On est, par contre, travaillé par des obsessions, des injustices, des indignations. «L’art, c’est la revanche
des sensibles sur les intelligents» disait Fernand Léger. De fait, je ne conçois pas d’artiste qui serait
hermétique au monde qui l’entoure et enfermé dans sa tour d’ivoire.
Mais je ferais volontiers un distinguo entre l’art et l’artiste.
Pour ma part, quand je prends la parole publiquement, quand je signe un texte dans la presse, quand je
manifeste dans la rue : c’est parce que quelque chose m’est insupportable ; que la lâcheté, l’ignorance
et la bêtise m’exaspèrent ; que j’espère qu’à plusieurs, nous pourrons influer sur le cours des choses ;
que, parfois, l’opinion publique m’importe.
Quand je décide de mettre en scène une pièce, c’est certes parce que son sujet m’intéresse mais
aussi, et avant tout, parce que sa forme, sa langue, sa dramaturgie m’interroge, m’excite, m’ébranle.
Voilà, je crois que l’art et en particulier le théâtre peut servir à cela : ébranler nos certitudes.
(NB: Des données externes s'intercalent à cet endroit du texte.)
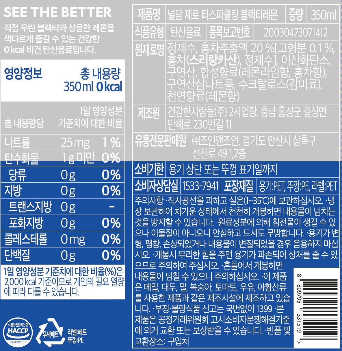 | 포장단위별 내용물의 용량(중량), 수량 | 350ml x 24개입, 1개 | 원재료명 및 함량 | 컨텐츠 참조 |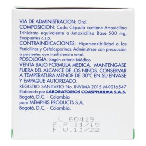 Amoxicilina 500 mg 100 Cápsulas Coaspharma

Le théâtre est par essence un art collectif. Il est aussi un art de la parole. Historiquement, ses grandes
figures ont souvent était engagées ou définies comme tel. Brecht, par exemple, vivait certainement le
théâtre comme une manière de conscientiser les masses.
Dans un monde de plus en plus complexe, dans notre «village mondialisé» où tout circule et se transforme extrêmement rapidement, je ne crois plus en un «théâtre à thèse». Je crois aux questionnements plus qu’aux réponses toutes faites. Je crois qu’il faut s’adresser à chacun d’entre nous, à l’individu, pas à la masse. En même temps, je pense qu’il faut interroger notre responsabilité propre dans un
destin collectif ; que là réside un enjeu essentiel de notre travail.
L’art ne change pas le monde. Il est une vigie, un appel au sensible, un étonnement.